Like most in Minneapolis, if asked about your working relationship with your employer, you may likely respond that it is a good one. If nothing else, you at least know that your role with your company is well-defined, right? Have you ever wondered exactly how your employer views your connection, and whether or not its views coincide with yours? Many often believe the nature of their employment to be one way, only to discover later (typically through being fired or laid off) that it was not so.
If such a thing happens to you, the question then becomes whether or not your employer was truthful and forthcoming about the terms of your employment. Some of the ways in which an employer can misrepresent your working relationship may be:
- To try and change your classification to that of an independent contractor.
- To promise you certain working hours and then fail to offer them.
- To fail to report your employment status to the proper parties and authorities.
- To cite your employment status as a reason to cut your hours or take away benefits.
Many may believe that the principle of at-will employment applies to classifying employment relationships as well, allowing your employer to change your working agreement with impunity. Minnesota law states otherwise.
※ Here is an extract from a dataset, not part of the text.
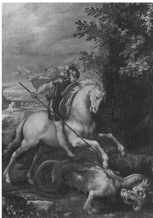
Slika 3. Giuseppe Cesari zv. Cavaliere d'Arpino (1568.-1640.): Sveti Juraj ubija zmaja. Strossmayerova galerija, Hrvatska akademija znanosti i umjetnosti, Zagreb

jatnijim legendama Juraj je rođen 280. godine, na obali Crnoga mora, u blizini ušća Dunava. Izučivši vojne vještine, postaje Dioklecijanovim časnikom, ali će zbog prihvaćanja kršćanstva biti podvrgnut torturi i na kraju pogubljen. Kao jedan od najštovanijih svetaca uvršten je među tzv. četrnaest svetih pomoćnika, a kao zaštitnik vezuje se uz bolesti s visokom temperaturom, epilepsiju i kugu. Dodatno mu je povjerena i zaštita od bolesti domaće stoke te posebno konja i ratne konjice. Iz asocijacije s njegovim blagdanom 23. travnja, kada prema pučkom vjerovanju počinje "oživljavati" zemlja, izabran je za zaštitnika usjeva, a kako se u to doba počinju pojavljivati zmije, izabran je i za zaštitnika od njihova ujeda (Slika 3).

According to the state’s Office of Revisor of Statutes, your employer cannot misrepresent the nature of your employment to you or anyone else. For the purpose of this particular law, “misrepresent” is defined as making any statements regarding your working relationship it knows not to be true. For example, your employer cannot terminate you by suddenly defining you to be an independent contractor if it had not already classified you as one. Some may take such a move as an attempt to conceal an unjust reason for your termination.